Tarek Ziadé tarek at ziade.org
Thu Jun 21 15:23:26 CEST 2012


On 6/21/12 2:45 PM, Dag Sverre Seljebotn wrote:
>> Guido was asked about build issues and scientific software at PyData 
> this spring, and his take was that "if scientific users have concerns 
> that are that special, perhaps you just need to go and do your own 
> thing". Which is what David is doing.
>> Trailing Q&A session here: http://www.youtube.com/watch?v=QjXJLVINsSA

if you know what you want and have a tool that does it, why bother using 
distutils ?
But then, what your community will do with the guy that create packages 
with distutils ? just tell him he suck ?
The whole idea is *interoperability*, not the tool used.
>> Generalizing a bit I think it's "web developers" and "scientists" 

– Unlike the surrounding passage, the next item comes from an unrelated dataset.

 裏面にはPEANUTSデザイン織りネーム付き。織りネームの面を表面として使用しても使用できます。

> typically completely failing to see each others' usecases. I don't 
> know if that bridge can be crossed through mailing list discussion 
> alone. I know that David tried but came to a point where he just had 
> to unsubscribe to distutils-sig.
I was there, and sorry to be blunt, but he came to tell us we had to 
drop distutils because it sucked, and left because we did not follow 
that path
>> Sometimes design by committee is just what you want, and sometimes 
> design by committee doesn't work. ZeroMQ, for instance, is a great 
> piece of software resulting from dropping out of the AQMP committee.

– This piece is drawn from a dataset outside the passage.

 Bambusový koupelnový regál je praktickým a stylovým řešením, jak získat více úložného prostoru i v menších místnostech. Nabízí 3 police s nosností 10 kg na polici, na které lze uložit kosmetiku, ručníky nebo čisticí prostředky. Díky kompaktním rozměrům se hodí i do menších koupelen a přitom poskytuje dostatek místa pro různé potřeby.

>>>>> That will not work. And I will say here again what I think we should do
>> imho:
>>>> 1/ take all the packaging PEPs and rework them until everyone is happy
>> (compilation sucks in distutils ? write a PEP !!!)
>> I think the only way of making scientists happy is to make the build 
> tool choice arbitrary (and allow the use of waf, scons, cmake, jam, 
> ant, etc. for the build). After all, many projects contains more C++ 
> and Fortran code than Python code. (Of course, one could make a PEP 
> saying that.)
>> Right now things are so horribly broken for the scientific community 
> that I'm not sure if one *can* sanely specify PEPs. It's more a 
> question of playing around and throwing things at the wall and see 
> what sticks -- 5 years from now one is perhaps in a position where the 
> problem is really understood and one can write PEPs.

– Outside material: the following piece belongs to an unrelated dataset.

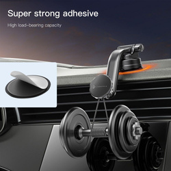 Uchwyt jest uniwersalny i pasuje do wielu różnych powierzchni – zestaw składa się z części, które umożliwiają zamocowanie uchwytu zarówno na szybie lub desce rozdzielczej, jak i na kratce wentylacyjnej. Wybór miejsca zgodnego z własnymi preferencjami zapewnia spokojną i komfortową podróż.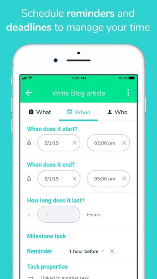 Share files, work together on projects and assign tasks to others with the shared schedule. You can create an unlimited number of members. Work collaboratively and save time with Beesbusy.

>> Perhaps the "web developers" are at the PEP-ing stage already. Great 
> for you. But the usecases are really different.
If you sit down and ask your self: "what are the information a python 
project should give me so I can compile its extensions ?" I think this 
has nothing to do with the tools/implementations.
And if we're able to write down in a PEP this, e.g. the information a 
compiler is looking for to do its job, then any tool out there waf, 
scons, cmake, jam, ant, etc, can do the job, no ?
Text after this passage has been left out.